One high-profile endorsement has come from Zalmay
Khalilzad, an Afghan-born former U.S. ambassador to Kabul in the early 2000s,
who visited here recently and met with a variety of people, reportedly
exploring a political or diplomatic role. In an interview this week with Voice
of America, Khalilzad described Karzai as “a national leader” and said they
were “on the same page” about Pakistan. He echoed Karzai’s call for additional
sanctions on Pakistani military officials.

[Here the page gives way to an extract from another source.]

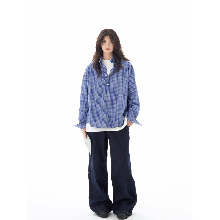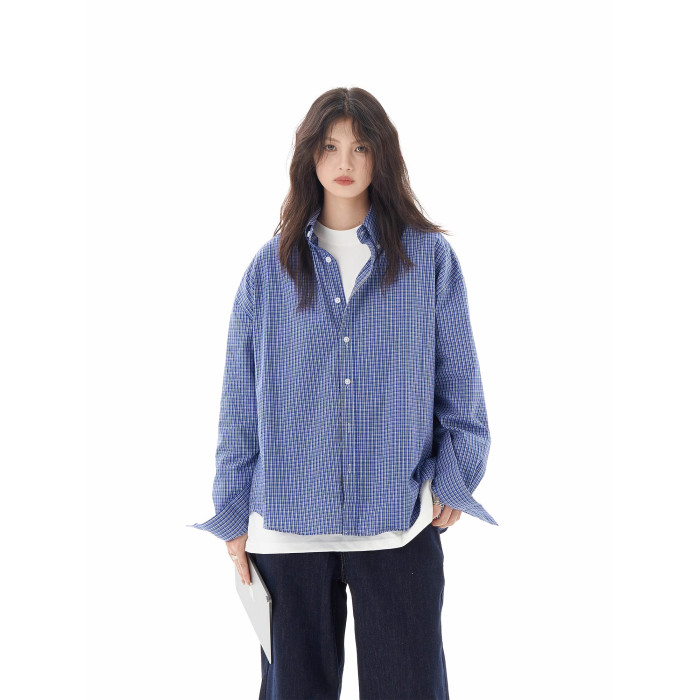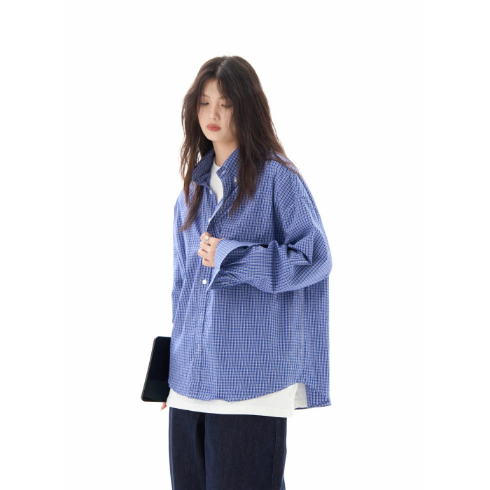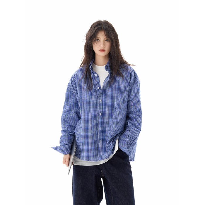 OLEOT美式復古藍色格子襯衫長袖男女高級感休閒寬鬆情侶襯衣外套

Other analysts said that the deepening
problems of the Ghani government, which include numerous delays and
difficulties in scheduling national elections, are lending more credence to
Karzai’s criticism of the U.S.-brokered deal between Ghani and his top rival,
Abdullah Abdullah, after fraud-plagued elections in 2014. That agreement created
the badly divided National Unity Government.
Karzai has called for an alternative
political path forward, repeatedly proposing a loya jirga, or traditional
gathering for debate and decision. Afghan and foreign critics see this as a
ploy for him to manipulate the meeting and make a political comeback, but
Karzai strongly rejects that charge.
“I know the Americans are worried that a
jirga will ask them to leave and ask me to return, but I have no desire to
return,” Karzai said in the interview. “Today, things are going so badly that
we need to go back to the people. The United States has no need to fear us, but
America’s behavior is damaging us, and our belief in the democratic values of
the West is being shattered. Why do they want to see us weak and unstable?”
Yet for all his dark accusations, Karzai, who
speaks cultured and flawless English, can be diplomatic and charmingly
self-aware. He veers unexpectedly from dignified umbrage to chortling glee. In
the interview, he acknowledged with a laugh that he had been “brutally frank”
with U.S. officials during his presidency but suggested that it was his
patriotic duty at the time.
“I am not anti-American,” Karzai said. “I
oppose a lot of U.S. policies, but I remain an ally. If the Americans act
honorably, they will find us very accommodating.”